Talks between Pakistani officials and the militant outfit broke down in August due to a deadlock on the revocation of the merger of erstwhile tribal areas with Khyber Pakhtunkhwa.

In a document presented before the committee on Thursday, a copy of which is available with Dawn.com, the security body said: "Peace talks emboldened the militants and their presence in Swat can be attributed to their efforts to gain the pulse of locals and response by the state."

It pointed out that the US withdrawal from Afghanistan last year "gave impetus" to TTP activities with its base intact in the neighbouring country.

"Overall rise in the terrorism index is being witnessed," Nacta said while listing four recent terror incidents in Pakistan that the banned outfit claimed responsibility for.

These included:

  • In August 2022, TTP militants held LEAs hostage in Swat's district Matta and released them after 12 hours.
  • In September 2022, militants fired on police in Swat.
  • TTP also claimed responsibility for IED attack on a vehicle in which a member of the Peace Committee and two policemen were killed.
  • Abduction of seven cellular company staff members and demand of Rs10 million ransom.

Briefing on the prevailing environment, the letter stated that the Malakand Division was vulnerable due to its central location and access to settled areas.

"Strong protests by masses/all segments of the society in Swat is a good development. The locals, especially the political leadership active against the militants, need to be supported and protected through institutional management."
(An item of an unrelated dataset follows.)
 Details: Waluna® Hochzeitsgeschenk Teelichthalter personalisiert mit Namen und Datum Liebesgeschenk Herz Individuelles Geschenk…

It called for the monitoring of "morphing in the local population in adjoining areas" and collective efforts of the security apparatus to counter the presence of militants in the area.

"Owning to winters and lack of support structure/logistics, militants are likely to move from mountainous regions," the letter added.
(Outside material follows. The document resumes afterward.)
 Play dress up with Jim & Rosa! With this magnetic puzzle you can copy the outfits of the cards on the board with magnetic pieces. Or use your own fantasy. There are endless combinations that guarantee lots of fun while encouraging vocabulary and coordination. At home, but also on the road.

Separately, the deputy inspector general of the Malakand Division told the committee that so far 200 search and sanitisation operations and 77 intelligence-based operations have been conducted in the area.

"Most of the militants in Khyber Pakhtunkhwa are affiliated with the TTP," the official added.

Subsequently, the committee decided to hold an in-camera briefing on the issue in the the next meeting.

Peace talks

Talks between Pakistani officials and the militant outfit first started in October last year but broke down in December.

These later resumed in May this year. The process, however, broke down once again due to a deadlock on the revocation of the merger of erstwhile tribal areas with Khyber Pakhtunkhwa.

Subsequently, attacks by the TTP have been on the rise since September after the group's ceasefire with the army ended. Most of the attacks have happened in and around Dera Ismail Khan, Tank, South Waziristan, and North Waziristan districts in KP.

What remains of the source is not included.